Dog Law - Level 3
Dog Laws in Our Daily Lives
From leash laws to barking ordinances and more, learn about how communities regulate dog ownership in everyday life.
By Lynn M. Hayner
In an attempt to balance the rights of dog owners with the rights and safety of the public, the laws impact a wide variety of owners’ daily decisions. While our dog is legally defined as property, laws control how we handle property. Ordinances may regulate where and how we can walk our dogs, if we can tie our dogs up, how much our dogs can bark, how many dogs we can own, how diligently we must pick up after them and where we can bury them when they die. Some states address these topics, but the majority of dog laws are local ordinances.
Leash law violations can be costly. In Lakeway, Texas, a leashed pet community, an owner running his dog off-lead out of his own yard may be fined $150. Fines vary with municipality, as does the intensity of enforcement. “As cities have become more populated, leash laws have become more restrictive, as well as more specific,” explains Robert Newman, animal law attorney of Santa Ana, Calif. For example, most laws now specify leash length as typically no more than six feet.
To determine your locality’s leash laws, or laws prohibiting animals running at large, contact your local animal control or municipal offices. Once you know the applicable laws, talk to neighbors and dog owners about local enforcement customs. While it’s your obligation to know and obey your local laws, there may be flexibility regarding enforcement in specific circumstances (swimming holes or early morning runs, for example).
Dogs may be legally impounded after authorities discover them running at large. Since dogs are classified as personal property, a dog not collected by the owner in a timely manner may be regarded as abandoned property. “The most affordable way to protect a dog in this situation is to have a collar, microchip and identification tag on the dog,” Newman says.
Typically, a local pound or shelter will impound a dog for five to 10 days after attempts to notify the owner. If the owner does not claim the dog within the time period designated (usually five to 10 days), the dog may be put up for adoption or euthanized. Owners are charged for the impounding period and often additional charges as well. In San Francisco, CA, for example, owners pay a progressive fine depending on how many times the dog has been impounded, along with $25 per day for care and additional fees for vaccinations or licenses.
If your dog is an escape artist, capable of maneuvering under or over any fence, think twice before you tether him in your yard. Some cities, and even a few states, restrict the tethering or chaining of dogs altogether. California for example has passed legislation (with some exceptions, such as the use of a trolley line) prohibiting dog owners from chaining or tethering their pets. Some city ordinances mandate time restrictions on tethering. Other cities, such as Austin, Texas, have passed an ordinance to ban the chaining and tethering of unattended dogs altogether.
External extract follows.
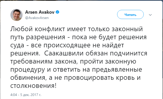 "Любой конфликт имеет только законный путь разрешения - пока не будет решения суда - все происходящее не найдет решения. Саакашвили обязан подчинится требованиям закона, пройти законную процедуру и ответить на предьявленные обвинения, а не провоцировать кровь и столкновения!", - заявил Аваков.

Although your dog may be on your property, his noise may carry off your property. Your right to own a dog that alarm barks, for example, must be balanced with your neighbor’s desire for complete quiet around his home. By allowing barking to disturb neighbors, you may be in violation of either a general nuisance, noise or a specific dog disturbance ordinance.
In Denver, Colo., for example, owners may not permit dogs to disturb neighbors with “loud and persistent or habitual barking, yowling or yelping.” If a neighbor complains, animal control officers may issue a warning. For repeat violations in particular, fines may be imposed. “In an extreme case, the dog can be declared a public nuisance and removed from the owner,” Newman says.
Number of Dogs
Some cities, in the interest of public health, welfare, or connected to nuisance issues, have enacted ordinances curtailing the number of dogs any one residence can own.
In Fairfax, Va., for example, no more than four dogs may live in a single residence. The number of dogs allowed in Fairfax is related to lot size. One or two dogs may be licensed at a residence on any lot size. Owners must have at least 7,500 square feet for three dogs, and at least 12,500 for four dogs.
Critics of such ordinances may contend that a dog owner with one loud dog may be a greater nuisance than an owner who keeps five quiet dogs in his home. Proponents of such ordinances may argue that animal hoarding (which often results in animal neglect) is possibly controlled by specific limits. “The local ordinances are generally upheld under challenge if they are deemed reasonable,” Newman says. Even if your city doesn’t have a dog quantity limitation, you may violate a general nuisance ordinance if you own many loud dogs and your neighbors complain.
General Dog Laws
Laws impact other aspects of pet ownership as well, including how you license your dog, where you can take your dog, how you vaccinate your dog, how you pick up after your dog’s waste and how you handle your dog’s body after death. For example, while owners in rural areas may still be able to bury their dogs on their property, most local ordinances now prohibit the burial of animals within city or county limits. Many cities also have laws concerning dog waste pickup. Cities may levy fines for violation, such as in Newburyport, Mass., where the fines are progressive ($50-100) based on number of violations.
Lynn Hayner, J.D., a retired attorney and historian, is a contributing editor with DOG FANCY. A lifelong owner of German Shepherd Dogs, she enjoys exploring the development of animal law in our society.